DATA PROVIDED below:

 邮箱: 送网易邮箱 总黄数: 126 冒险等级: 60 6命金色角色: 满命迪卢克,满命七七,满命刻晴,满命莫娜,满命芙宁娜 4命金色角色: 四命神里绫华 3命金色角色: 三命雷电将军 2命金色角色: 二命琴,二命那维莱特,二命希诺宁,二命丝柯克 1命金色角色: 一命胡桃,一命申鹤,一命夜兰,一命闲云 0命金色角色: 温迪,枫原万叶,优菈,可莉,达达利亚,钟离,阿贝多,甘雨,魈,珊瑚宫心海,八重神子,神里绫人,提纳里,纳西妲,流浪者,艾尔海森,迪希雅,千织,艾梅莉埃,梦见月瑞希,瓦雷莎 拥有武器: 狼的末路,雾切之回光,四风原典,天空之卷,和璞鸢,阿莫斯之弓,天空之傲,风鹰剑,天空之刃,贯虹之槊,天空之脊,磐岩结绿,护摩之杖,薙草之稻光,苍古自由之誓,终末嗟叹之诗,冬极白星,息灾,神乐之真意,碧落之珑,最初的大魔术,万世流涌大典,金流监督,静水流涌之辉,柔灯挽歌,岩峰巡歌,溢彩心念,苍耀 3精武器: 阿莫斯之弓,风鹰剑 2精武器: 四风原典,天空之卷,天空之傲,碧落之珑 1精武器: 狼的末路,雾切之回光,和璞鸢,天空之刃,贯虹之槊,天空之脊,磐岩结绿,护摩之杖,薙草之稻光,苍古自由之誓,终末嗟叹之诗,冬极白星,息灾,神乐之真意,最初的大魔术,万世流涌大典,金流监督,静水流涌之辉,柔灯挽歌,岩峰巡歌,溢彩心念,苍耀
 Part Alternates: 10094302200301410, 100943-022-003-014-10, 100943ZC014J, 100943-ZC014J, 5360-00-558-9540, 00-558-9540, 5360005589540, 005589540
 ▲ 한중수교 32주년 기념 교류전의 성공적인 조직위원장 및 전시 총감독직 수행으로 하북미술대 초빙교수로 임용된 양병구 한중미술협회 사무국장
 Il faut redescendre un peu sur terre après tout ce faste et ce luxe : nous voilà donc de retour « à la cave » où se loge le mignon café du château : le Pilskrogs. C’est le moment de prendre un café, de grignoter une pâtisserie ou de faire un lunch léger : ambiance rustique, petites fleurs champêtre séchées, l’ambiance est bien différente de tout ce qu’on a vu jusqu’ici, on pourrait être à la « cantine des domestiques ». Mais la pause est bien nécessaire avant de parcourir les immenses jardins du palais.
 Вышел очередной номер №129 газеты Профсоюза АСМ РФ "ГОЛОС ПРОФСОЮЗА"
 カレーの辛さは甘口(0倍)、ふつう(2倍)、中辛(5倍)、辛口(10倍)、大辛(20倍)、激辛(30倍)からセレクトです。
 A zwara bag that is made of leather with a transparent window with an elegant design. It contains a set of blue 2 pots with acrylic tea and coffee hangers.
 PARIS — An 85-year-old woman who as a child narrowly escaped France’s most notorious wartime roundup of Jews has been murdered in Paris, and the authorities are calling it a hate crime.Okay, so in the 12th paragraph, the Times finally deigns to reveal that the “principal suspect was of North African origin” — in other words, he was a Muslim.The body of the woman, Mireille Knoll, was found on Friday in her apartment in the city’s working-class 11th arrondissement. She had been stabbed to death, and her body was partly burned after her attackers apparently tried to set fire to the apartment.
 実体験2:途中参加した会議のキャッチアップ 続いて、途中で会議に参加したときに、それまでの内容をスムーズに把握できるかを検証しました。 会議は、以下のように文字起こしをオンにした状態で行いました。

End of DATA PROVIDED.

YOUR ASSIGNMENT:
Each record must be transcribed word for word.

RESULT:
 邮箱: 送网易邮箱 总黄数: 126 冒险等级: 60 6命金色角色: 满命迪卢克,满命七七,满命刻晴,满命莫娜,满命芙宁娜 4命金色角色: 四命神里绫华 3命金色角色: 三命雷电将军 2命金色角色: 二命琴,二命那维莱特,二命希诺宁,二命丝柯克 1命金色角色: 一命胡桃,一命申鹤,一命夜兰,一命闲云 0命金色角色: 温迪,枫原万叶,优菈,可莉,达达利亚,钟离,阿贝多,甘雨,魈,珊瑚宫心海,八重神子,神里绫人,提纳里,纳西妲,流浪者,艾尔海森,迪希雅,千织,艾梅莉埃,梦见月瑞希,瓦雷莎 拥有武器: 狼的末路,雾切之回光,四风原典,天空之卷,和璞鸢,阿莫斯之弓,天空之傲,风鹰剑,天空之刃,贯虹之槊,天空之脊,磐岩结绿,护摩之杖,薙草之稻光,苍古自由之誓,终末嗟叹之诗,冬极白星,息灾,神乐之真意,碧落之珑,最初的大魔术,万世流涌大典,金流监督,静水流涌之辉,柔灯挽歌,岩峰巡歌,溢彩心念,苍耀 3精武器: 阿莫斯之弓,风鹰剑 2精武器: 四风原典,天空之卷,天空之傲,碧落之珑 1精武器: 狼的末路,雾切之回光,和璞鸢,天空之刃,贯虹之槊,天空之脊,磐岩结绿,护摩之杖,薙草之稻光,苍古自由之誓,终末嗟叹之诗,冬极白星,息灾,神乐之真意,最初的大魔术,万世流涌大典,金流监督,静水流涌之辉,柔灯挽歌,岩峰巡歌,溢彩心念,苍耀
 Part Alternates: 10094302200301410, 100943-022-003-014-10, 100943ZC014J, 100943-ZC014J, 5360-00-558-9540, 00-558-9540, 5360005589540, 005589540
 ▲ 한중수교 32주년 기념 교류전의 성공적인 조직위원장 및 전시 총감독직 수행으로 하북미술대 초빙교수로 임용된 양병구 한중미술협회 사무국장
 Il faut redescendre un peu sur terre après tout ce faste et ce luxe : nous voilà donc de retour « à la cave » où se loge le mignon café du château : le Pilskrogs. C’est le moment de prendre un café, de grignoter une pâtisserie ou de faire un lunch léger : ambiance rustique, petites fleurs champêtre séchées, l’ambiance est bien différente de tout ce qu’on a vu jusqu’ici, on pourrait être à la « cantine des domestiques ». Mais la pause est bien nécessaire avant de parcourir les immenses jardins du palais.
 Вышел очередной номер №129 газеты Профсоюза АСМ РФ "ГОЛОС ПРОФСОЮЗА"
 カレーの辛さは甘口(0倍)、ふつう(2倍)、中辛(5倍)、辛口(10倍)、大辛(20倍)、激辛(30倍)からセレクトです。
 A zwara bag that is made of leather with a transparent window with an elegant design. It contains a set of blue 2 pots with acrylic tea and coffee hangers.
 PARIS — An 85-year-old woman who as a child narrowly escaped France’s most notorious wartime roundup of Jews has been murdered in Paris, and the authorities are calling it a hate crime.Okay, so in the 12th paragraph, the Times finally deigns to reveal that the “principal suspect was of North African origin” — in other words, he was a Muslim.The body of the woman, Mireille Knoll, was found on Friday in her apartment in the city’s working-class 11th arrondissement. She had been stabbed to death, and her body was partly burned after her attackers apparently tried to set fire to the apartment.
 実体験2:途中参加した会議のキャッチアップ 続いて、途中で会議に参加したときに、それまでの内容をスムーズに把握できるかを検証しました。 会議は、以下のように文字起こしをオンにした状態で行いました。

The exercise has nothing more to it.